## Exercise data
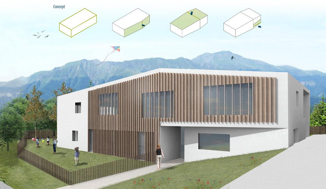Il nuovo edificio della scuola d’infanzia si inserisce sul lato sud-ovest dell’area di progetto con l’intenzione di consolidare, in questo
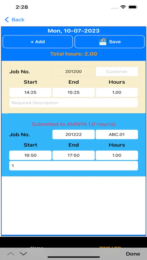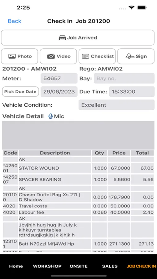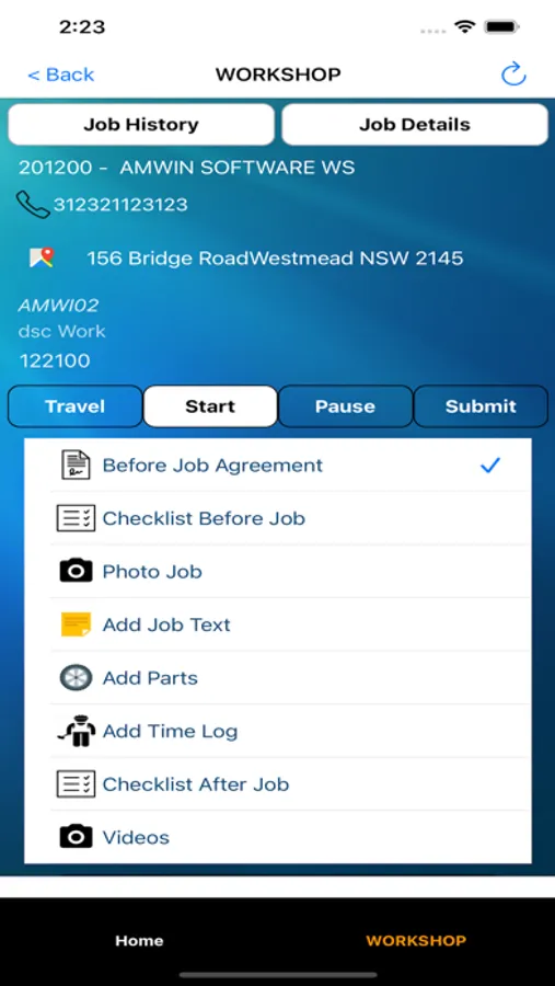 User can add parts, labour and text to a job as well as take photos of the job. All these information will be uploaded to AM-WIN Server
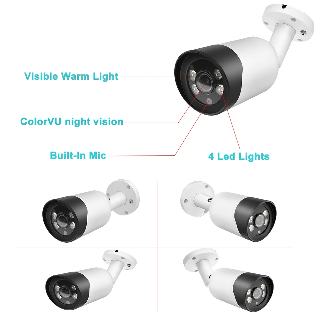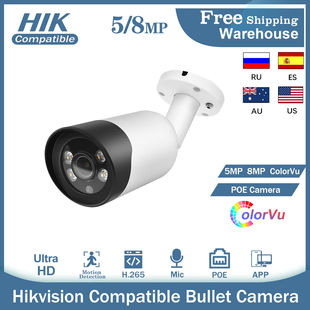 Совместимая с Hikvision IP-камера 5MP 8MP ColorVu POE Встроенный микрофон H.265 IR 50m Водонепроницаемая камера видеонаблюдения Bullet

## Task statement
Retype the data above as given, letting no picture into the copy.

## Reply to the task
Il nuovo edificio della scuola d’infanzia si inserisce sul lato sud-ovest dell’area di progetto con l’intenzione di consolidare, in questo
 User can add parts, labour and text to a job as well as take photos of the job. All these information will be uploaded to AM-WIN Server
 Совместимая с Hikvision IP-камера 5MP 8MP ColorVu POE Встроенный микрофон H.265 IR 50m Водонепроницаемая камера видеонаблюдения Bullet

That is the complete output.